Exploring the mechanism of NO–C2H4 reactions on the surface of stepped Pt(3 3 2)

Fourier transform infra red reflection–absorption spectroscopy (FTIR-RAS), thermal desorption spectroscopy (TDS), and auger electron spectroscopy (AES), were employed to explore the mechanism of NO reduction in the presence of C2H4 on the surface of stepped Pt(3 3 2). Both NO–Pt and C2H4–Pt interactions are enhanced when NO and C2H4 are co-adsorbed on Pt(3 3 2). As a result, C2H4 is dissociated at surface temperatures as low as 150 K, and the N–O stretch band is weakened. The presence of post-exposed C2H4 leads NO desorption from steps to decrease significantly, but the same effect on NO desorption from terraces becomes appreciable only at higher post-exposures of C2H4, e.g., 0.6 L and 1.2 L, and proceeds to a much slighter extent.

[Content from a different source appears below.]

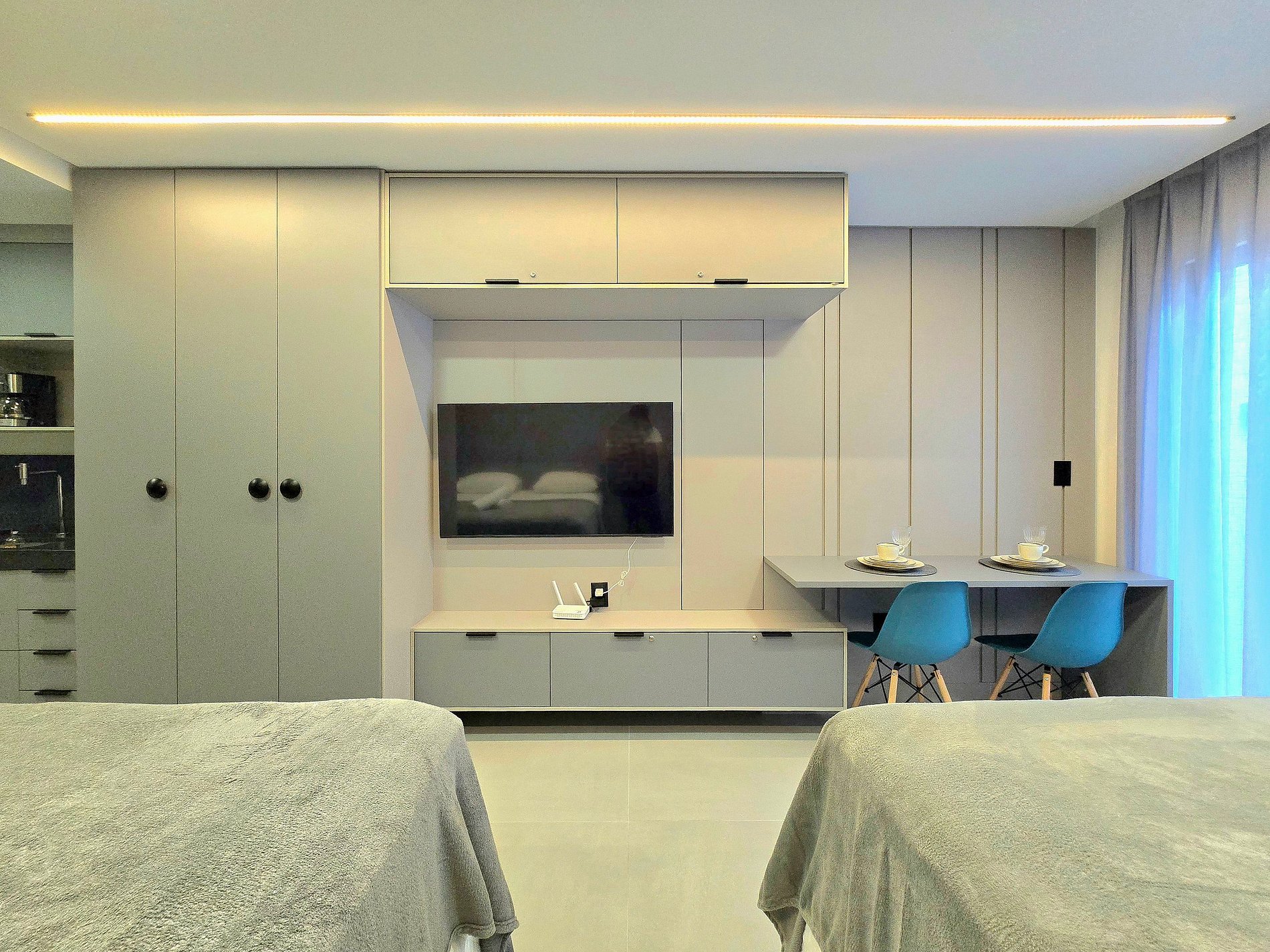 Às vezes, tudo o que a gente precisa é de um lugar onde o tempo corre devagar. Onde é possível ouvir o barulho das ondas logo ali, atravessando o silêncio. Nesse studio 001, térreo, no Get Sense, cada detalhe acolhe — da jacuzzi ao ar livre ao café feito devagarinho na cozinha equipada.

Auger spectra indicate that as a result of the reaction with O from NO dissociation, the amount of surface C species is greatly reduced when NO is post-exposed to a C2H4 adlayer. It is concluded that reduction of NO in the presence of C2H4 proceeds very effectively on the surface of the Pt(3 3 2), through a mechanism of NO dissociation and subsequent O removal. Following this mechanism, the significant dissociation of adsorbed NO molecules on steps at surface temperatures below 400 K, and subsequent rapid reaction between the resultant O and C-related species, accounts for the considerable amount of N2 desorption at temperatures below 400 K.